Я почти ничего не говорил. Я просто смотрел на него – на это , на пустую оболочку, тело без разума; оно лежало и глядело на маму, его рот иногда кривился, складываясь в зародыш улыбки или гримасы – или то были просто случайные движения. Когда она говорила, он иногда издавал звуки – но он что‑то тихо булькал и когда она молчала.
Мой персональный Дамоклов меч. Я сейчас на пять лет старше, чем папа был в тот день, когда лопнули кровеносные сосуды у него в мозгу, смыв алой волной его разум и личность, его радости и горести. На стене его комнаты висели электронные часы, показывавшие время яркими чёткими цифрами. Слава Богу, что часы теперь не тикают.
Закончив разговаривать с отцом, мама поднялась со стула и сказала:
– Ну, ладно.
Обычно я просто высаживал её у дома на обратном пути в город, но я не хотел делать это в машине.
– Подожди, мама, – сказал я. – Сядь. Мне нужно тебе что‑то сказать.
Она села с выражением удивления на лице. В палате моего отца в Институте был лишь один стул, который она и занимала. Я опёрся на бюро, стоящее на противоположном краю комнаты, и посмотрел на неё.
– Да? – сказала она. В её голосе послышался вызов, и я понимал, почему. Когда‑то давно я пытался поговорить с ней о бессмысленности наших еженедельных визитов, о том, что папа на самом деле не осознаёт, что мы здесь. Она пришла в ярость и устроила мне такую словесную выволочку, каких я не знал с детства. Она явно ожидала, что я снова подниму этот вопрос.
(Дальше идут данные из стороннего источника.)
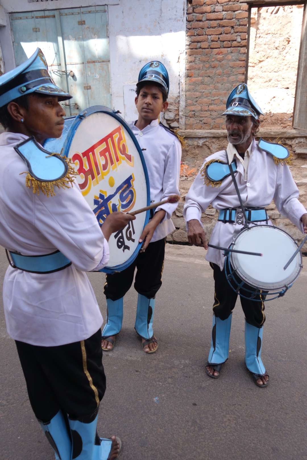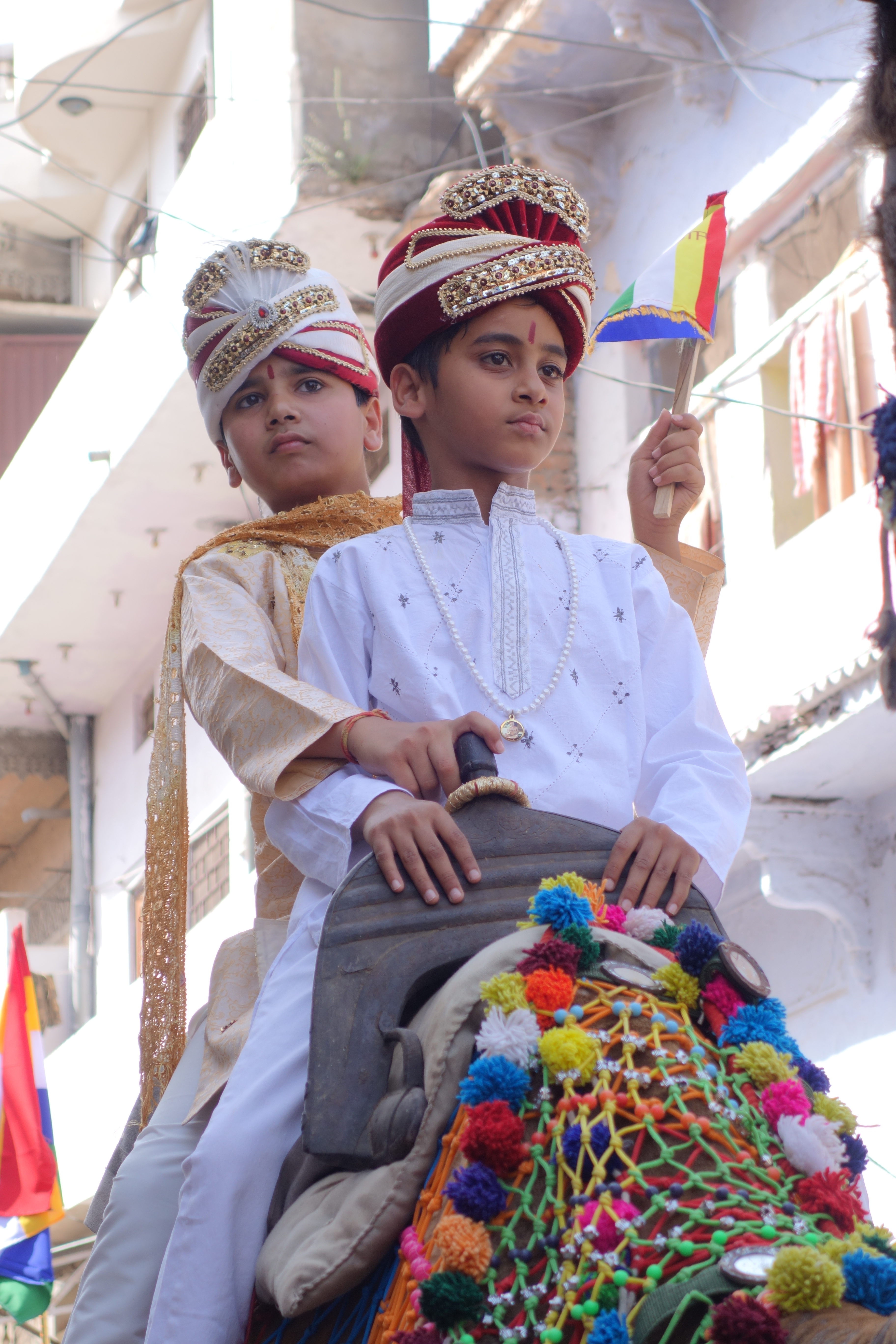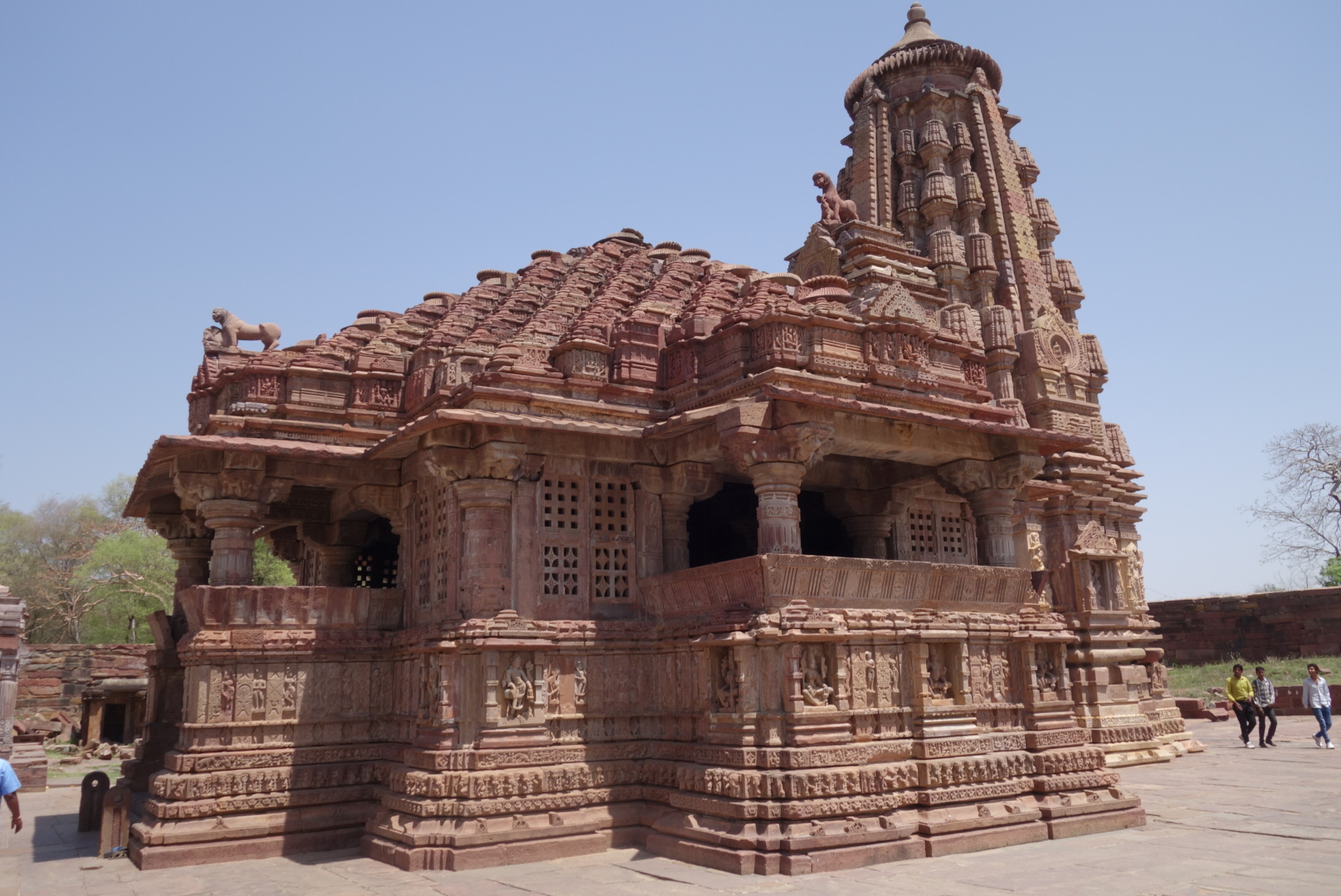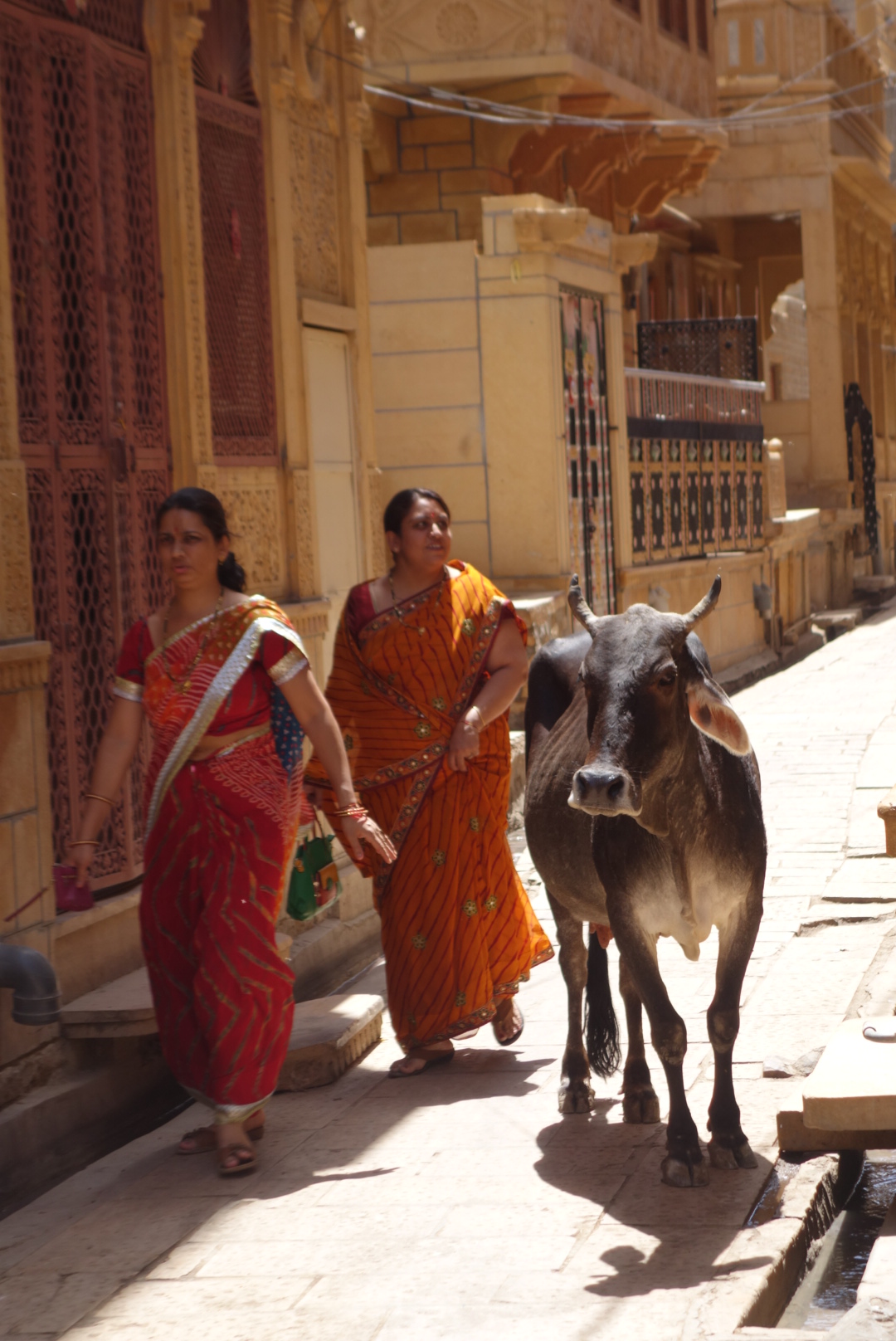 No time to relax, our guide, Navendra, was there and we were off. Somehow, Ramdev had managed to squeeze the car back out of the town and now the street was jammed with a religious procession. I always thought Jains were very esoteric, all about giving up earthly trivia and connecting with the big Ohmmm in the sky. Not these guys. They were all about spangley floats, careening down the street, each accompanied by a group of bizarrely clad and wild eyed, grizzled old geezers and boys, banging drums and blowing trumpets while a singer belted out the latest top-ten holy tunes from chromed speaker horns mounted atop the float. Each competing with the next, while motorbikes and tuk-tuks buzzed between not even trying to match the rhythm with their never ending horns. And everywhere, the great stoic cows.
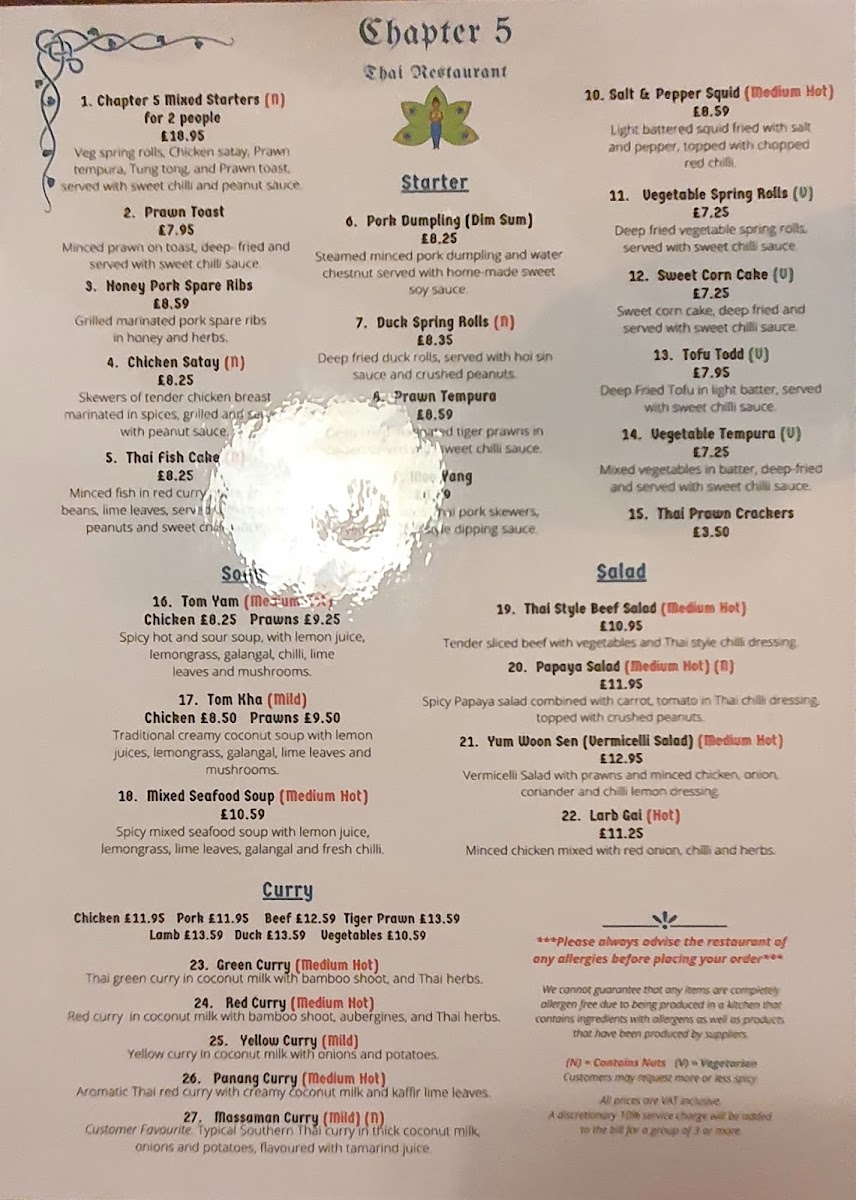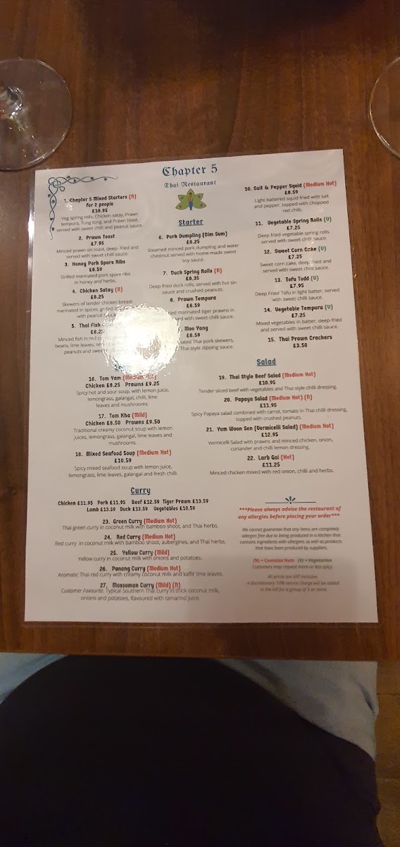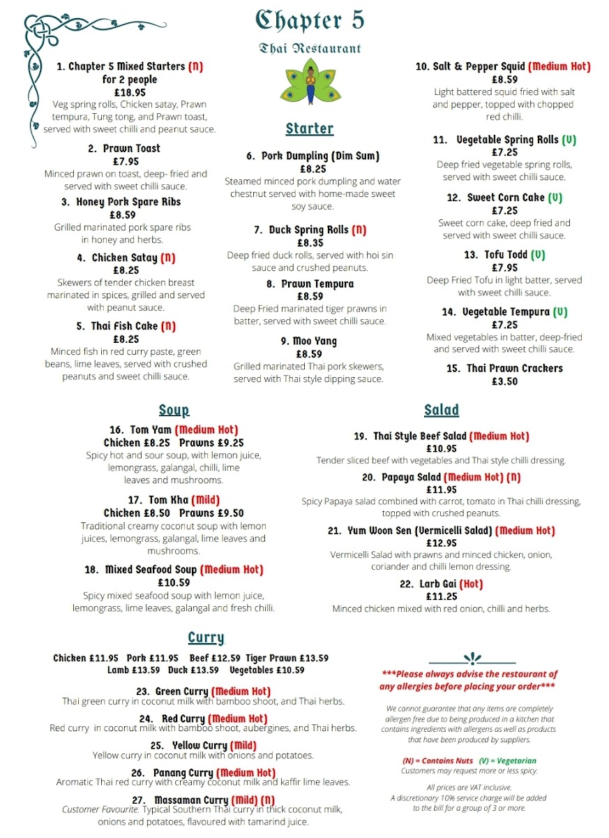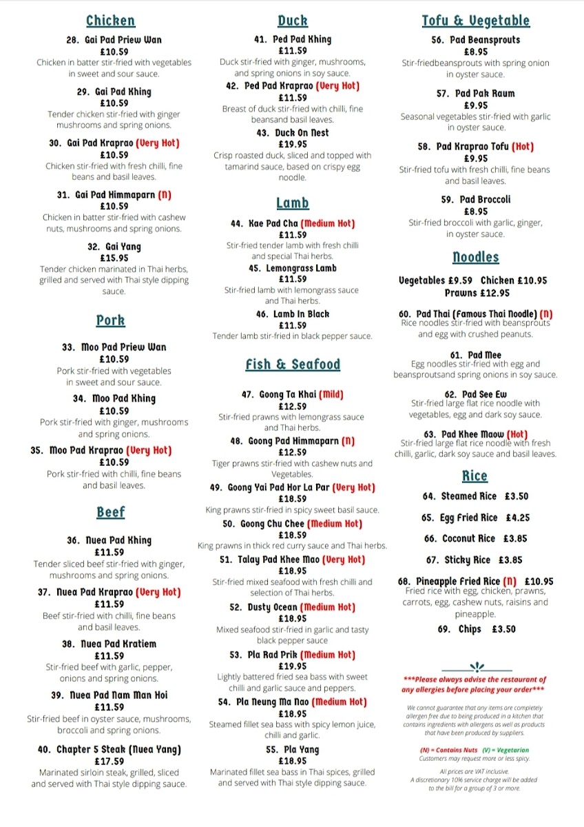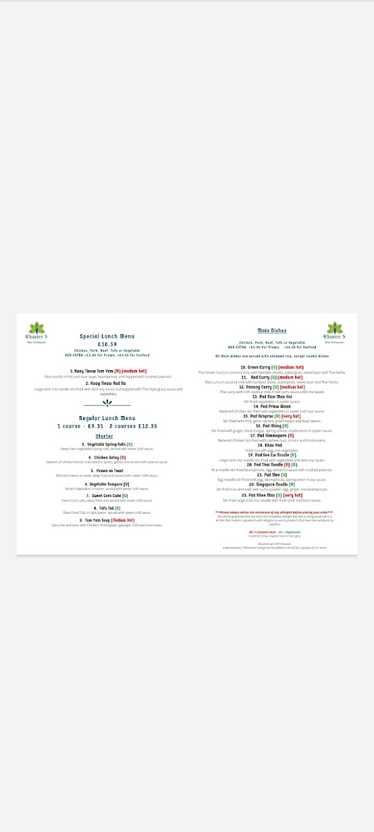 The menu at Chapter5 Thai Restaurant offers a thoughtfully curated selection that balances traditional Thai flavors with approachable, comforting dishes. Whether you’re looking for a light starter or a satisfying main course, the options range from vibrant salads and delicate dim sum to rich, aromatic curries and stir-fried noodles. The style leans toward casual dining, making it easy to enjoy a relaxed lunch or a cozy dinner.
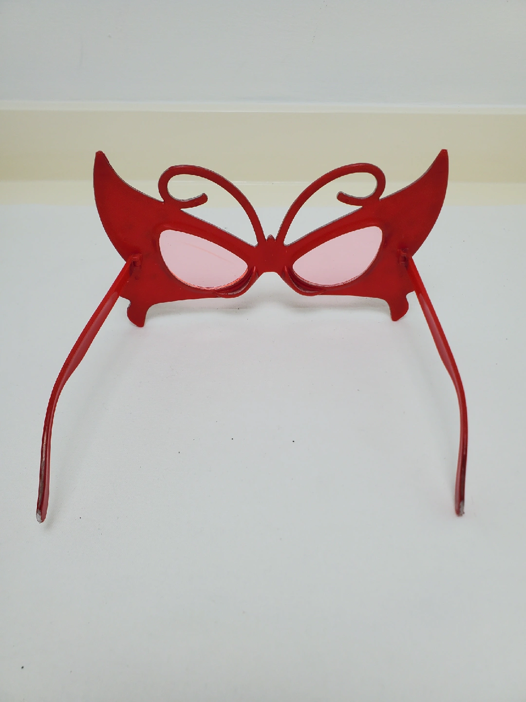 Check out these fun red butterfly wing sunglasses! They're perfect for adding a bit of whimsy to your costume. They feature clear rhinestones and pink tinted lenses. These are in used condition.
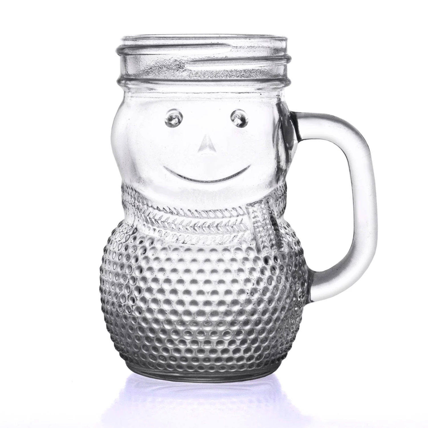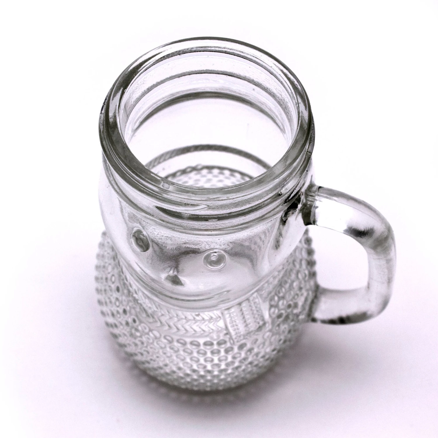 This little snowman glass is the perfect size to serve up your next Christmas mini cocktail or Holiday shooter. Its design is inspired by the ever popular Mason Jar and this cute little holiday glass even features a mason jar style handle. This snowman mason jar features a happy face with a patterned scarf and a beady textured feeling on the lower half of the glass. It is durable yet lightweight. This is a great glassware accessory to add to your holiday collection.
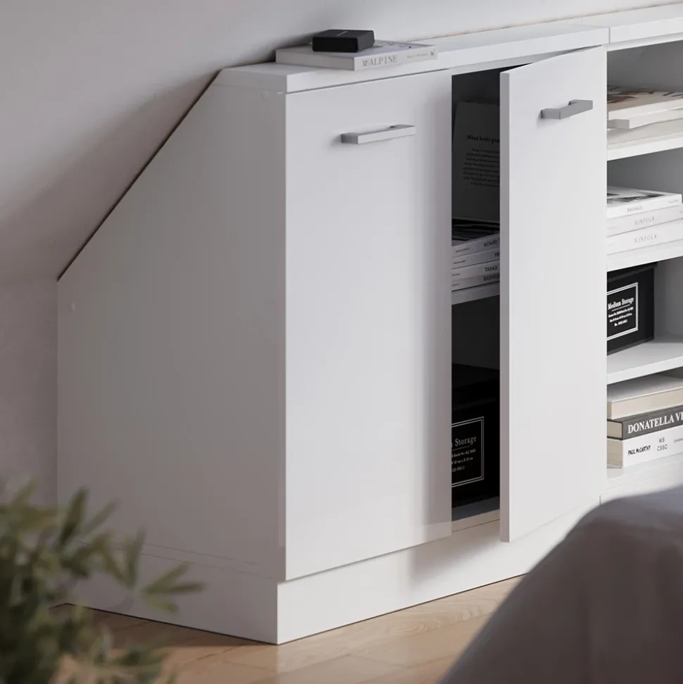 - Der Schrank für Dachschrägen überzeugt mit robuster Bauweise, bequemen Griffen und einer abgeschrägten Oberseite zur optimalen Nutzung des vorhandenen Raums.

Я сделал вдох, медленно выдохнул и заговорил:
– Я… я не знаю, слышала ли ты об этом, но существует такой процесс… О нём было во всех новостях… – Я замолчал, словно считая, что выдал достаточно намёков, чтобы догадаться, о чём я собираюсь сказать. – Его делают в компании под названием «Иммортекс». Они перемещают человеческое сознание в искусственное тело.